Вот так я шел и размышлял, а снег сыпал, словно в какой-нибудь сказке. Короче говоря, за каких-то два десятка шагов я все все вспомнил: есть вещи, которые позабыть нельзя, даже если думаешь, что запамятовал их, и каждый в душе своей отчетливо их видит, пока в очаге догорает полено, а в темной ночи заметенные снегом бедняки зовут свою скотину.

Я увидел этот ранец той ветреной послевоенной весной: однажды утром он засиял в нашей школе, которая до войны была жандармской конюшней, и можно было разглядеть, что ранец тот был сработан из какой-то шелковистой синевы, с желтым клапаном и карманами по бокам; самый красивый ранец, какой только мне довелось повидать в своей жизни или во сне. С ним пришел мой сосед, Милош Сандарич, который получал посылки от американского дядюшки. Я тяжко расстроился из-за такой красоты, этот ранец все время так и стоял перед моими глазами. До той поры для меня ничего тоскливее школы не было, а теперь я бегом мчался в нее, чтобы полюбоваться этой шелковой синевой, этим небесным шелком, из которого, говорят, делают цеппелины, и я верил, что ранец Милоша может летать, стоит его лишь чуть-чуть приспособить для этого дела.

У меня должен был появиться такой: тут нечего было предаваться пустым мечтаниям, нечего было выжидать, пока на меня счастье ни свалится само по себе.

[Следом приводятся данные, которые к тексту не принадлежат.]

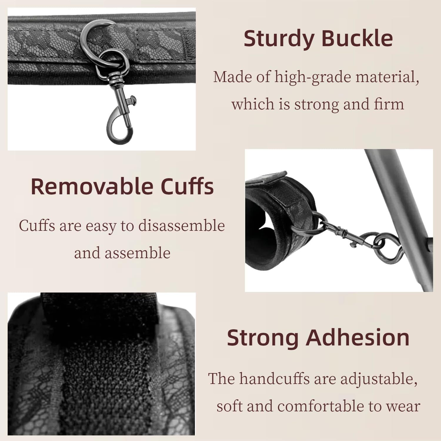 - Cuffs: Four adjustable, soft-lined cuffs (two for wrists, two for ankles) for a comfortable yet secure fit.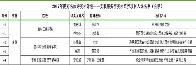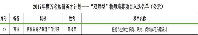 由齐海英老师负责申报的《旅游专业学生识岗、跟岗、顶岗实习方案设计》方案成功申报国家旅游局《2017年度万名旅游英才计划项目》中的“双师型”教师培养项目,该项目面向本科及高职院校旅游相关专业教师,在全国仅遴选资助100个教师,吉林省共有1个项目入选,我院是唯一入选的项目。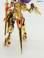 이 킷은 프레임암즈 걸 시리즈로 발매된 드루가 <골드 리터>입니다. 기존의 프레임암즈 드루가 I에 골드 코팅을 입히고, 약간의 병장이 추가된 구성인데요. 별매의 MSG 버추어 스타일 01 소드 세트가 재활용되었고, 양 어깨 파츠는 신규 조형으로 추가되었습니다. 우선 무려 10장의 런너에 골드 코팅이 올라가면서, 가격도 14400엔으로 상당히 고가에 나왔는데요. 코팅 품질 자체는 매우 좋지만, 원본 킷보다 2배 이상 비싸지긴 했습니다. 구성적으로는 드루가 I의 파츠가 모두 포함되어 있고, 여기에 드루가 II의 헤어 런너도 추가되었는데요. 실제 골드 리터로 구성할 때는 드루가 II 의 포니테일 헤어를 장착하게 됩니다. 골드 코팅 파츠가 워낙 많아서, 가조립 만으로도 상당히 번쩍이는 비주얼을 완성할 수 있는데요. 많은 고정핀 부위에 코팅막이 추가되면서, 조립이 뻑뻑해진 포인트가 상당히 많습니다. 특히 발이나 백팩 등의 주요 가동핀이 너무 뻑뻑해서 결합이 잘 안되거나, 가동중에 부러질 가능성이 높은데요. 조립 중에 위험해보이는 고정핀은 반드시(!!) 하나 하나 사포로 갈아서 코팅면을 제거하고 만들어야 조립 자체가 가능합니다. 다만 제 경우도 뻑뻑한 백팩 고정핀 하나를 가동 중에 부러뜨렸는데요. ㅠㅠ 방심하고 사포로 갈아주지 않고 끼웠다가, 회전하면서 부러져 버렸습니다. 그래서 양면 테잎을 붙여가며 겨우 겨우 리뷰를 마쳤네요 ㅠㅠ 혹시 여러분들이 이 킷을 조립한다면, 코팅막이 추가된 고정핀은 일단 살짝 사포로 살짝 갈아내고 조립하시기를 강추합니다. 그리고 기존 파츠도 모두 들어있다보니, 오리지널 드루가 I으로도 조립할 수 있는데요. 소체모드에 파츠를 재조합하여 골드 리터 (아마조네스 폼)으로도 구현할 수 있습니다. 이 때 연질 재질의 허리 벨트에 칼집을 거치할 수 있는데요. 벨트 재질이 부드럽지 않아서, 자연스럽게 걸치기가 쉽지 않긴 합니다. 이렇듯 소체모드와 드루가 I, 골드리터와 아마조네스 폼까지 총 4가지 형태로 다양하게 구현할 수 있는데요. 우수한 골드 코팅 덕분에 비주얼은 훌륭하지만, 고정핀 사포작업에 상당한 주의와 시간이 필요한 킷입니다. (그냥 조립하면 반드시 피눈물 납니다) 다만 유격이 줄어드는 코팅판 특성상, 관절강도가 매우 튼튼하다는 점은 장점이 되기도 한데요. 어쨌든 장점과 단점이 너무 극명한 킷으로서, 골드 코팅을 좋아하고 사포작업에 거부감이 없으며, 주머니 사정도 여유로운 분이라면 질러볼만한 킷인 듯 합니다.:-) |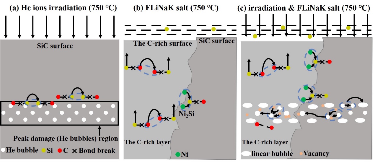 近期,中国科学院上海应用物理研究所材料研究部在辐照/熔盐腐蚀耦合下碳化硅(SiC)材料服役行为研究取得重要进展。相关成果以“Synergistic damage behavior of He ion irradiation and molten salt corrosion in SiC at 750 oC”为题,发表于Journal of Advanced Ceramics期刊(IF=18.6),论文的第一作者是硕士研究生张建峰,通讯作者为李健健副研究员。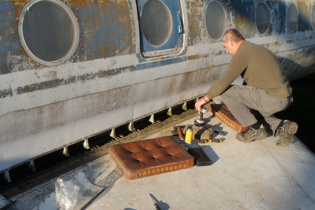 Man könnte denken, das ist Arbeit in einer Schmiede und nicht am Luftfahrzeug. Und das ganze Eisen fliegt auch noch, in einem Schiff zählte es zu Ballast.
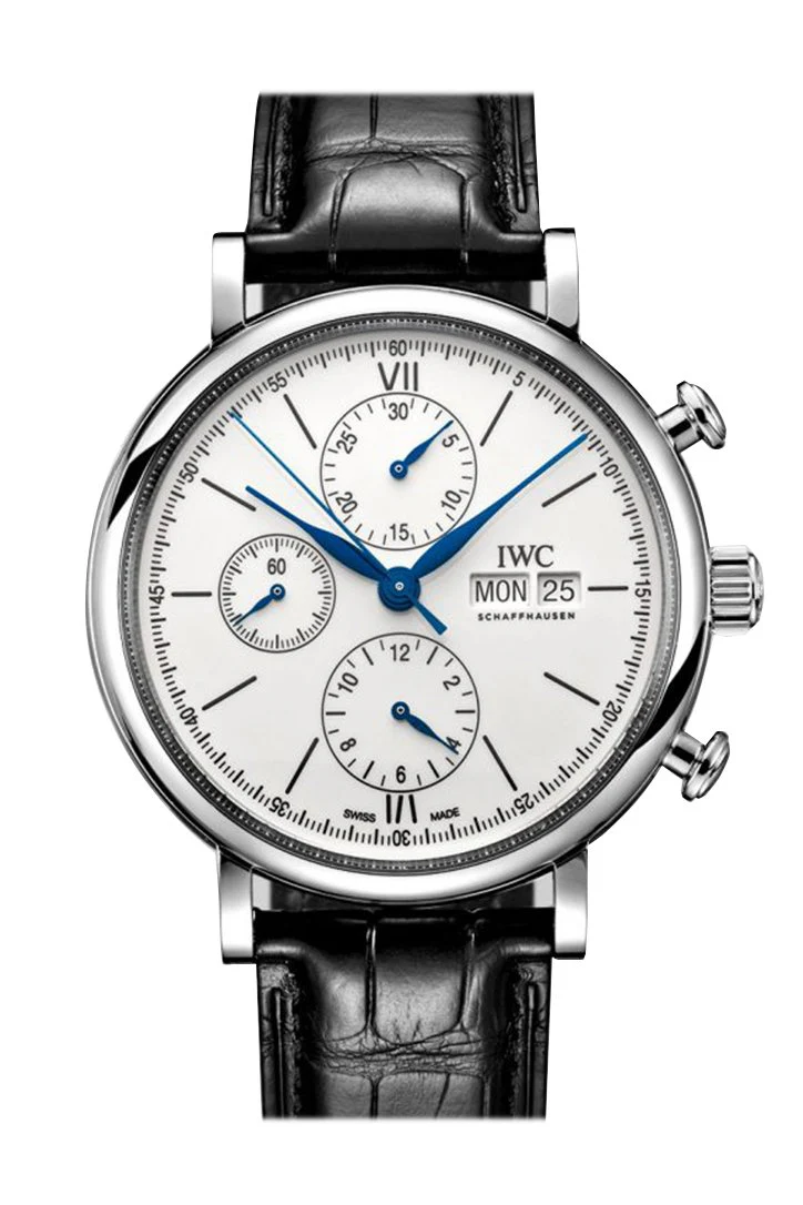 Stainless steel case with a crocodile leather strap. Fixed stainless steel bezel. Index hour markers. Roman numerals mark the 6 and 12 o'clock positions. minute markers around the outer rim. Dial Type: Analog. Day of the week and date display at the 3 o'clock position. Chronograph - sub-dials displaying: three - 60 second, 30 minute and 12 hour. IWC Calibre 79320 automatic movement with a 44-hour power reserve. Scratch resistant sapphire crystal. Pull / push crown. Solid case back. Round case shape, case size: 42 mm, case thickness: 13.5 mm. Band width: 20 mm. Tang clasp. Water resistant at 30 meters / 100 feet. Functions: chronograph, date, day, hour, minute, second. Luxury watch style

Я думать забыл обо всем прежнем. Отказался от салок, «казаков-разбойников», «штандора» и «чижика». Перестали меня радовать консервные банки и желтые гильзы со свалки за стрельбищем, и к правлению не ходил смотреть, как мужики долбнями забивают лошадей. Той весной привязалась ко мне печальная думка о том, что Дражичи совсем не такие, как Сандаричи, а вовсе нищеброды и горемыки, у которых в жизни-то ни праздников не бывает, ни даже белых рубашек. Впрочем, нам немного свезло, когда новые власти признали отца Байкулу, по вине конокрадов лишившегося ноги, инвалидом, но ни на какой ранец мне все равно рассчитывать не приходилось; ни на похвалу от учителя Гойко за отличную учебу и еще более отличное поведение, даже если бы я отблагодарил его шматом ветчины или стаканчиком виноградной ракии, потому как я вечно последним из худших был, а в первых рядах появлялся только тогда, когда оплеухи отвешивали, да на горох коленками ставили, да когда в подвал запирали, так что для задней парты я просто незаменимым кадром был. Так вот я и тосковал, высыхая изнутри, словно лужа под солнечными лучами. Возненавидел я соседа Милоша, и ненависть эту скрыть невозможно было, потому как она из меня просто высыпала, как парша в волосах, и только ненависть эта удерживала меня от того, чтобы не расхвораться. Правда, не всегда эта ненависть во мне возникала. У Милоша никогда вшей не находили и не лупили его за грязные ногти и слюнявые губы. У него и матросский костюмчик был, и бескозырка с синими ленточками, к тому же и настоящие туфли, да и сам он был какой-то особенный и величаво красивый, особенно когда солнышко ему в затылок светило. И тогда я совсем забывал про ранец, не говоря уж о ненависти, и так меня эта его внешность захватывала, что я ею чуть ли не греховно наслаждался.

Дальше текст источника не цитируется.